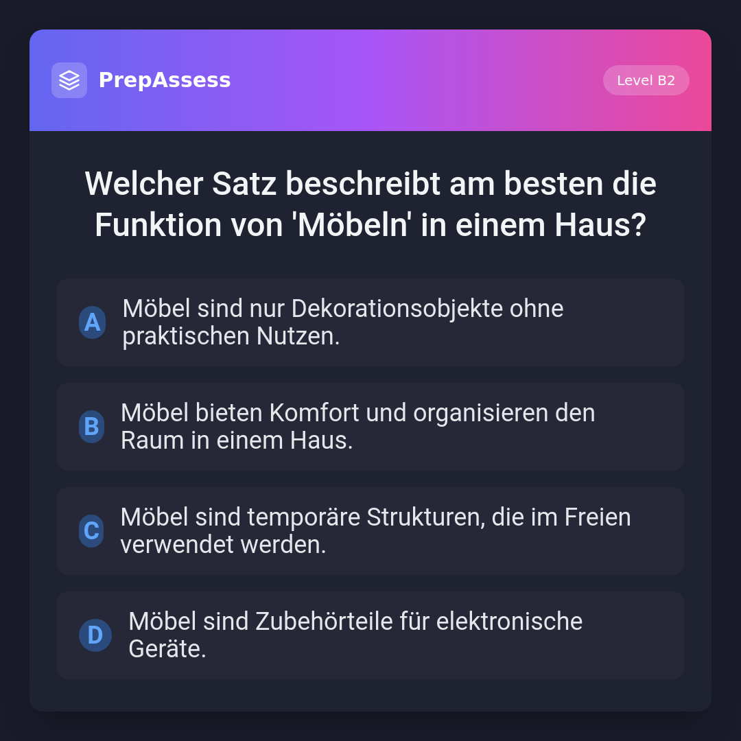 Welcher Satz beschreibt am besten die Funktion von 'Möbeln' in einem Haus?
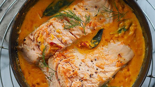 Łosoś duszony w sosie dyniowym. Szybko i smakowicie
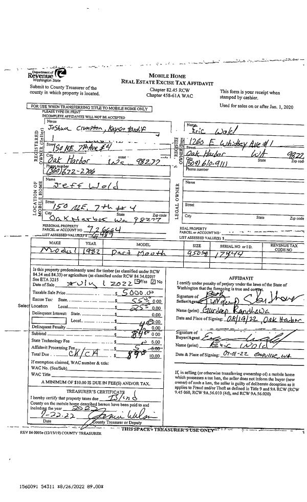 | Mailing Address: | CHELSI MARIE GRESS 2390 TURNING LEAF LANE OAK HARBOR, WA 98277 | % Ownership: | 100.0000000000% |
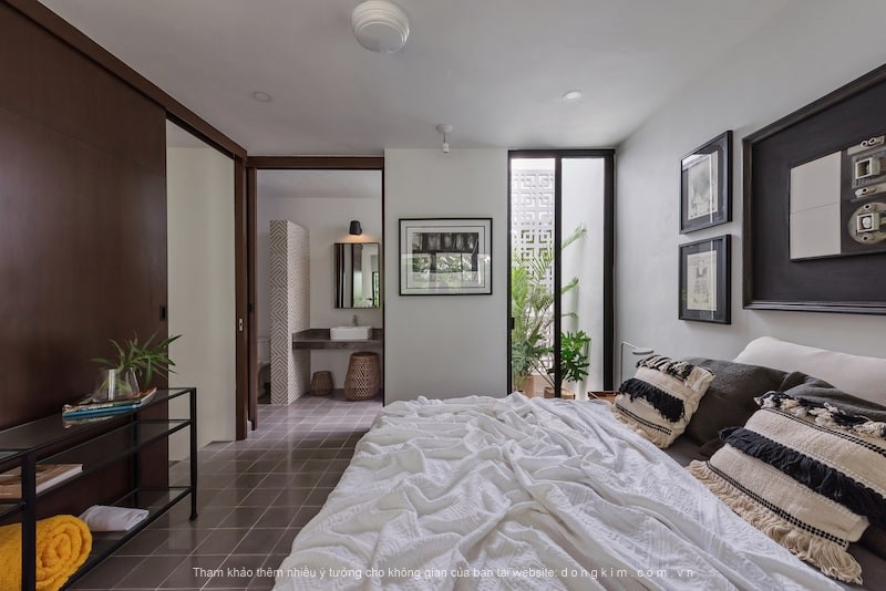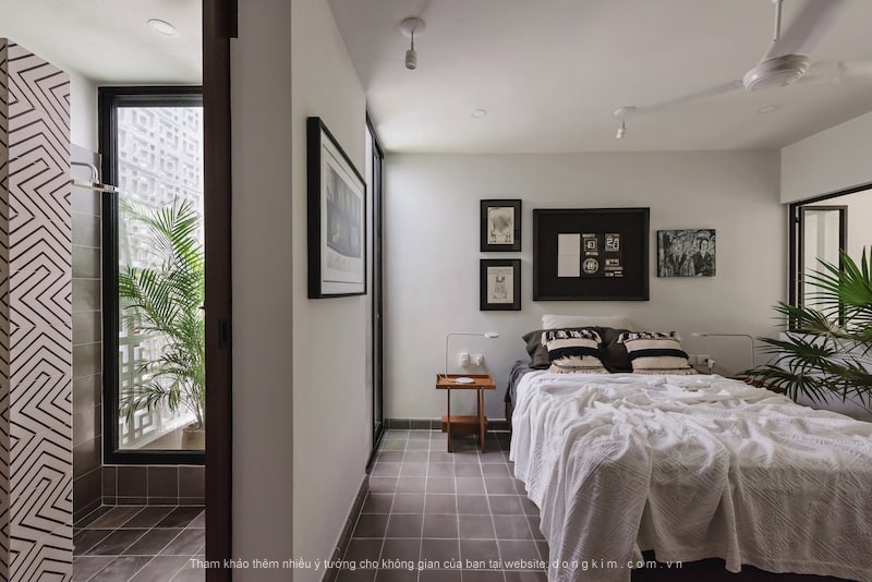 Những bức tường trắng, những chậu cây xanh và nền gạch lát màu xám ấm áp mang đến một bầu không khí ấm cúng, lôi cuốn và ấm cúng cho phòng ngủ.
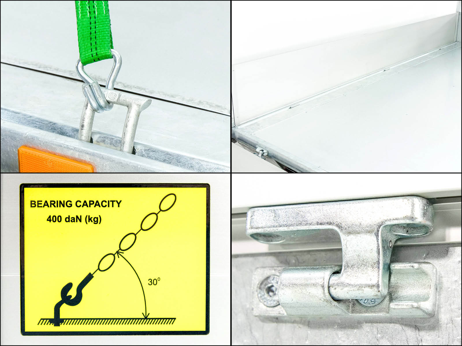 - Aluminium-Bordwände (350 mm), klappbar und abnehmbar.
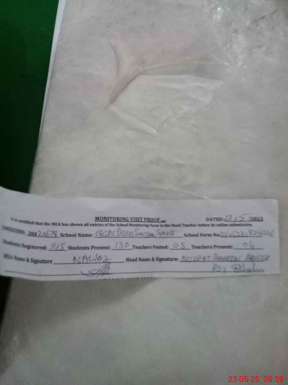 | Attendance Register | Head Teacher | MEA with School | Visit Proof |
_ _ _
## Task goal
In your copy of the records, include no pictures; repeat everything else exactly.

## Answer box
 Welcher Satz beschreibt am besten die Funktion von 'Möbeln' in einem Haus?
 Łosoś duszony w sosie dyniowym. Szybko i smakowicie
 | Mailing Address: | CHELSI MARIE GRESS 2390 TURNING LEAF LANE OAK HARBOR, WA 98277 | % Ownership: | 100.0000000000% |
 Những bức tường trắng, những chậu cây xanh và nền gạch lát màu xám ấm áp mang đến một bầu không khí ấm cúng, lôi cuốn và ấm cúng cho phòng ngủ.
 - Aluminium-Bordwände (350 mm), klappbar und abnehmbar.
 | Attendance Register | Head Teacher | MEA with School | Visit Proof |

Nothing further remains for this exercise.